HACCP c’est simple ! (partie 8/9)
Suite des parties 1/9, 2/9,  3/9, 4/9,  5/9, 6/9 et 7/9.
16. Les aimants, les tamis, les lavages, l’épierrage, le piégeage d’insectes sont-ils des CCPs ?
Tous les avis existent mais qu’en est-il exactement. Les aimants, les tamis vibrants et autres équipements ou machines similaires permettant une réduction du danger identifié sont des étapes sans seuils ou limites criques et sont qualifiés soit de PrPO (Programme prérequis opérationnel) par certains (partisans de l’ISO 22 000) ou soit de mesures de maîtrise d’un danger significatif par d’autres (dont l’auteur du texte). Tout en sachant que pour les corps étrangers métalliques, la présence d’un détecteur de métaux peut assurer la maîtrise de ce danger significatif à une étape ultérieure (généralement après conditionnement primaire), ce qui permet la réduction du danger identifié à un niveau acceptable.
17. Les détecteurs de métaux sont-ils ou non des CCPs ?
Là aussi plusieurs avis cohabitent ! Ils sont au nombre de trois. Commençons par le plus simple.
En premier, pour IFS, les détecteurs de particules métalliques (ou de métaux) sont des CCPs, les limites critiques sont connues par les barrettes de calibrage et la surveillance a lieu le plus souvent à chaque heure. Cela étant de nombreux auditeurs pensent aussi ainsi.
Deuxième type de réponse. D’autres considèrent que dès lors que la surveillance d’une étape comme la détection des particules métalliques n’est pas continue, ce n’est pas un CCP (voir question 14).
Pour bien comprendre, prenons un exemple issu du guide de BPH des poissons fumés et/ou salés et :ou marinés validé par l’AFSSA. Il y est dit que « la maîtrise des corps étrangers est assurée par la mise en place de bonnes pratiques générales d’hygiène. »
Nous sommes d’accord.
Puis il est ajouté « L’utilisation systématique de détecteur de corps étrangers n’est pas forcément nécessaire compte tenu de l’existence du tranchage et du respect des bonnes pratiques d’hygiène (détection des lots en cas de doute) ». Là , nous ne sommes pas d’accord car une recontamination par un corps étranger peut intervenir entre le tranchage et le conditionnement. Cela se poursuit par : « Le procédé de détection est qualifié ; le matériel de détection est régulièrement recalibré (mesure de pilotage et non de surveillance) ; aucune mesure spécifique, autre que la mesure de pilotage (calibrage régulier), ne permet de s’assurer de la réalité de cette maîtrise (il n’y a pas de procédé de surveillance du bon fonctionnement du détecteur de métaux en continu). »
Le terme continu signifie ici interrompu (voir question 14).
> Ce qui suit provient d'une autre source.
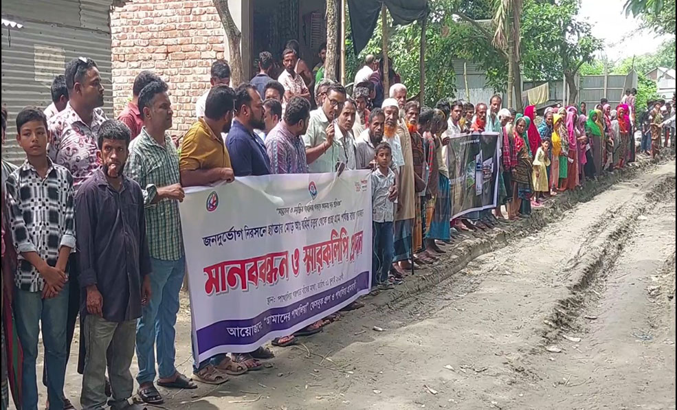 জামালপুরে সড়ক পাকাকরণের দাবীতে মানববন্ধন করেছে ভুক্তভোগী এলাকাবাসী

Comprenne qui pourra ? Les PrPOs se pilotent mais ce sont les CCPs qui doivent être surveillés. Saisissez-vous la nuance entre pilotage et surveillance ? Sur le « terrain », les opérateurs réalisant les autocontrôles » pensent bien sûr qu’il existe une action de surveillance.
En conséquence, « Il n’y a donc pas de CCP pour la maîtrise de corps étrangers, mais des mesures de bonnes pratiques, les détecteurs de corps étrangers étant gérés comme des PrP opérationnels (PrPOs) ». Contradiction avec l’IFS ce qui risque d’engendrer un KO pour non respect des règles de surveillance.
Troisième type de réponse. A mon sens, mais je revendique le droit de me tromper, l’étape de passage par le détecteur de métaux n’est ni un CCP, ni un PrPO mais en fait une action de vérification. En effet, le détecteur de métaux a un fonctionnement assez aléatoire voire partiel. En raison de ces difficultés notamment liées à la calibration de ce type d’appareil, le terme de vérification me semble plus adapté.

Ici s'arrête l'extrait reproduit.